Why is strcat considered unsafe, and is there a way to get rid of this warning without using strcat_s?
Also, if the only way to get rid of the warning is to use strcat_s, how does it work (syntax-wise: apparently it does not take two arguments).
If you are using c++, why not avoid the whole mess and use std::string. The same example without any errors would look like this:
std::string prefix = "Sector_Data\\sector";
prefix += "0";
prefix += "\\"
no need to worry about buffer sizes and all that stuff. And if you have an API which takes a const char *, you can just use the .c_str() member;
some_c_api(prefix.c_str());
Because the buffer, prefix, could have less space than you are copying into it, causing a buffer overrun.
Therefore, a hacker could pass in a specially crafted string which overwrites the return address or other critical memory and start executing code in the context of your program.
strcat_s solves this by forcing you to pass in the length of the buffer into which you are copying the string; it will truncate the string if necessary to make sure that the buffer is not overrun.
google strcat_s to see precisely how to use it.
You can get rid of these warning by adding:
_CRT_SECURE_NO_WARNINGS
and
_SCL_SECURE_NO_WARNINGS
to your project's preprocessor definitions.
That's one of the string-manipulation functions in C/C++ that can lead to buffer overrun errors.
The problem is that the function doesn't know what the size of the buffers are. From the MSDN documentation:
The first argument, strDestination,
must be large enough to hold the
current strDestination and strSource
combined and a closing '\0';
otherwise, a buffer overrun can occur.
strcat_s takes an extra argument telling it the size of the buffer. This allows it to validate the sizes before doing the concat, and will prevent overruns. See http://msdn.microsoft.com/en-us/library/d45bbxx4.aspx
Because it has no means of checking to see if the destination string (prefix) in your case will be written past its bounds. strcat essentially works by looping, copying byte-by-byte the source string into the destination. Its stops when it sees a value "0" (notated by '\0') called a null terminal. Since C has no built in bounds checking, and the dest str is just a place in memory, strcat will continue going ad-infinidium even if it blows past the source str or the dest. str doesn't have a null terminal.
The solutions above are platform-specific to your windows environment. If you want something platform independent, you have to wrangle with strncat:
strncat(char* dest, const char* src, size_t count)
This is another option when used intelligently. You can use count to specify the max number of characters to copy. To do this, you have to figure out how much space is available in dest (how much you allocated - strlen(dest)) and pass that as count.
To turn the warning off, you can do this.
#pragma warning(disable:4996)
btw, I strongly recommend that you use strcat_s().
There are two problems with strcat. First, you have to do all your validation outside the function, doing work that is almost the same as the function:
if(pDest+strlen(pDest)+strlen(pScr) < destSize)
You have to walk down the entire length of both strings just to make sure it will fit, before walking down their entire length AGAIN to do the copy.

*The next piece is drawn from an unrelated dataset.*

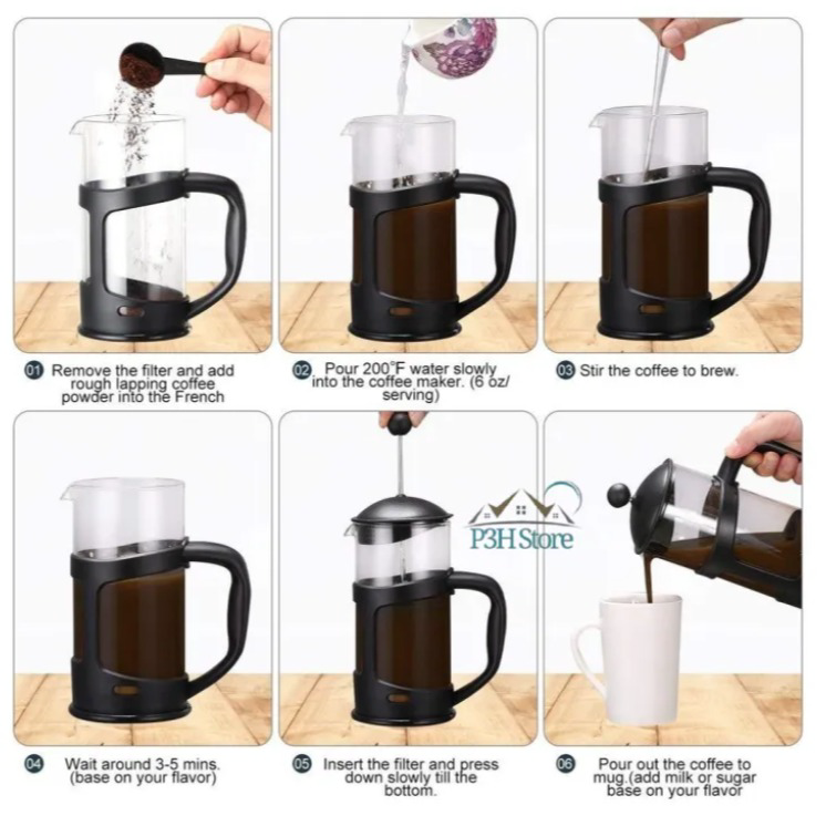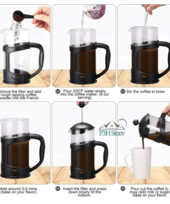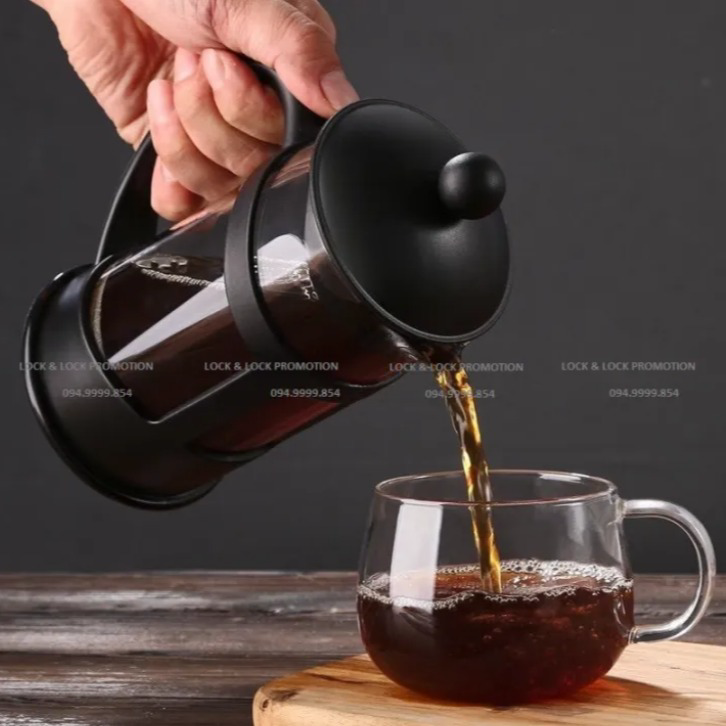 ⭐️ Dung tích 800ml – Thân thủy tinh chịu nhiệt Brosilicate, bộ lọc inox 304, nắp, vỏ ngoài tay cầm nhựa PP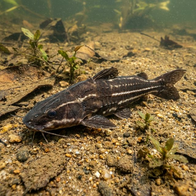 A spiny catfish that produces clicking sounds when handled. Nocturnal and armoured.

Because of this, many programmers will simply assume that it will fit and skip the test. Even worse, it may be that when the code is first written it is GUARANTEED to fit, but when someone adds another strcat, or changes a buffer size or constant somewhere else in the program, you now have issues.
The other problem is if pSrc and pDst overlap. Depending on your compiler, strcat may very well be simple loop that checks a character at a time for a 0 in pSrc. If pDst overwrites that 0, then you will get into a loop that will run until your program crashes.